IU traveled to numerous cities in the state, including Fort Wayne, Evansville and Newcastle, to play intersquad scrimmages. The team and its coaching staff, including Krzyzewski, would travel by bus to and from gyms across the state to allow Hoosier fans to see their team up close and personal.
Krzyzewski would use the road trips to talk with IU’s players about what they had been working on to improve their games, Ahlfeld said.
“I think it allowed a little different kind of interaction than maybe you would have with the rest of the coaching staff,” Ahlfeld said. “That was a little more interpersonal interaction than what you would have with someone who was a formal member of the coaching staff. He was always great to talk with.”

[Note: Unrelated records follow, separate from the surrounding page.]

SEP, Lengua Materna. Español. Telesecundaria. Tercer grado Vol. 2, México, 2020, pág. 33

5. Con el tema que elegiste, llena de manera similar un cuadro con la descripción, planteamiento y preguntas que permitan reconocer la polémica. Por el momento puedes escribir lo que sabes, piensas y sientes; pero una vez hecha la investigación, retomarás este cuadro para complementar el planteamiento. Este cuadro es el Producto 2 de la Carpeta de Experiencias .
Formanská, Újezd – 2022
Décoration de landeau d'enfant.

The bus rides were short-lived, however, as Krzyzewski left Bloomington in 1975 to return to his alma mater.
He spent five seasons at the helm of West Point’s basketball program before accepting the head coaching job at Duke, where he has won five national championships and nearly 1,000 games.

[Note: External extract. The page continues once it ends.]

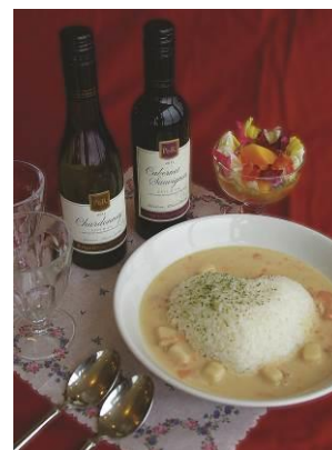
ラバースシート特別ニュー

As a product of Knight’s coaching tree, Krzyzewski’s roots trace back to Army and IU, where he observed “The General” adapt in his approach to coaching. At IU, Knight still had his intense passion for the game and commitment to preparation, but he adjusted to the increased level of talent and competition of the Big Ten, Krzyzewski said.
“He adapted in how he taught the defense, team man-to-man defense, and he really adapted in how he ran offense because he now ran motion offense,” Krzyzewski said. “How he coordinated all that kind of opened up my eyes to adaptability. You can change, and it’s okay.”
Krzyzewski has carried that lesson of adaptability with him to Duke, especially regarding recruiting. Krzyzewski’s first one-and-done player was Corey Maggette in 1999, and only two Duke freshmen had declared for the NBA draft through 2010, when Krzyzewski won his fourth title.
Since then, Duke has produced six one-and-done players, including three who left school early last spring after winning the national championship.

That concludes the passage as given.